Would you restate, word for word, only the lines starting at the one with "Fig.6 Point H" and ending with the final line of the entries below? Pictures stay out.

[Data items]
--- --- ---
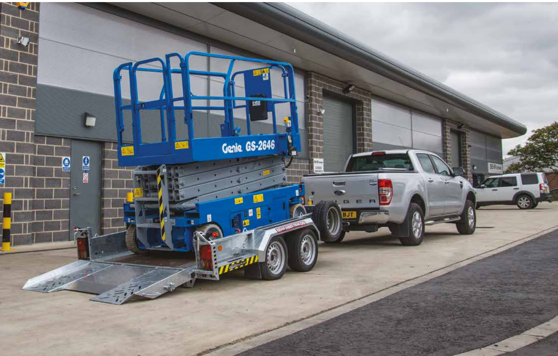
CARGO ALL PLANT TILTBED.
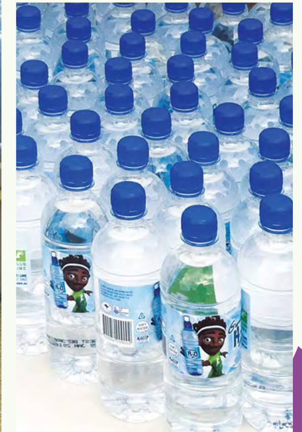
Club Lime provided bottled water to all the participants of the Verti Cool Challenge

Our organisation is a children's cancer charity we run resilience building camps and children living with cancer.
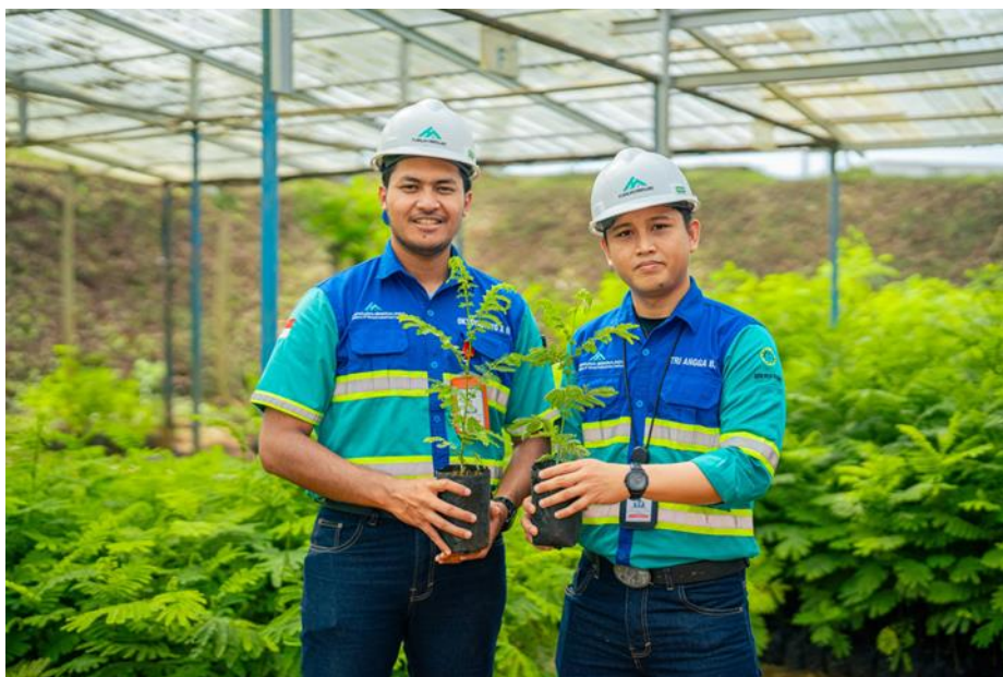
Hengjaya Mine revegetation nursery

During the quarter, 6,400 hectares of surface sampling and mapping in the south of the current IUP were completed. This sampling has identified 1,500 hectares with potential nickel laterite for further exploration.
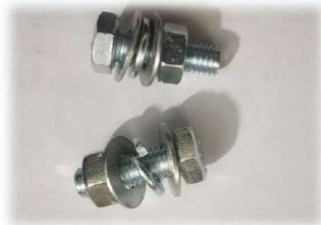
HEX BOLT NUT WASHER SET
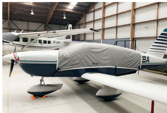
Socata TB-9 TRAVEL COVER, Light Weight Canopy Cover
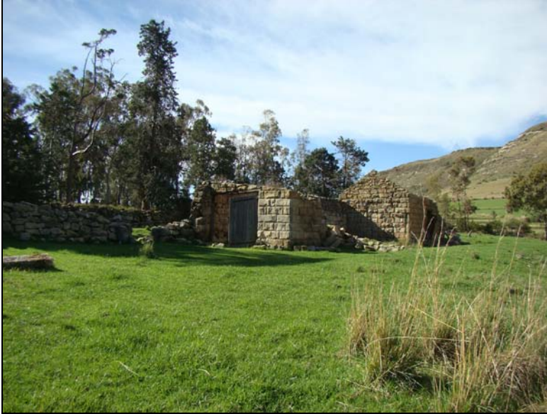
Fig.6 Point H at Dankbaar 294, Fouriesburg facing north.
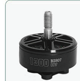
B2807 KV1300 Dimension: \Phi 33.9 \times 36 mm Pulling force: 65/2217g
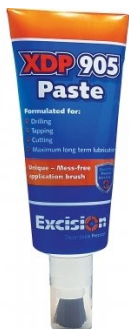
S075 Cutting Tool Lubricant Paste - 200g
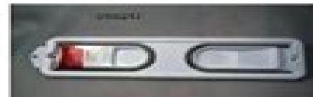
HOLDER PAPER TOWEL WHITE PLASTIC
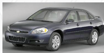
Stock #66371 2015 Chevy Impala LT Ashen grey met., 3.6L V6, auto, 54k miles. $12,900
--- --- ---
Response to the exercise »
Fig.6 Point H at Dankbaar 294, Fouriesburg facing north.
B2807 KV1300 Dimension: \Phi 33.9 \times 36 mm Pulling force: 65/2217g
S075 Cutting Tool Lubricant Paste - 200g
HOLDER PAPER TOWEL WHITE PLASTIC
Stock #66371 2015 Chevy Impala LT Ashen grey met., 3.6L V6, auto, 54k miles. $12,900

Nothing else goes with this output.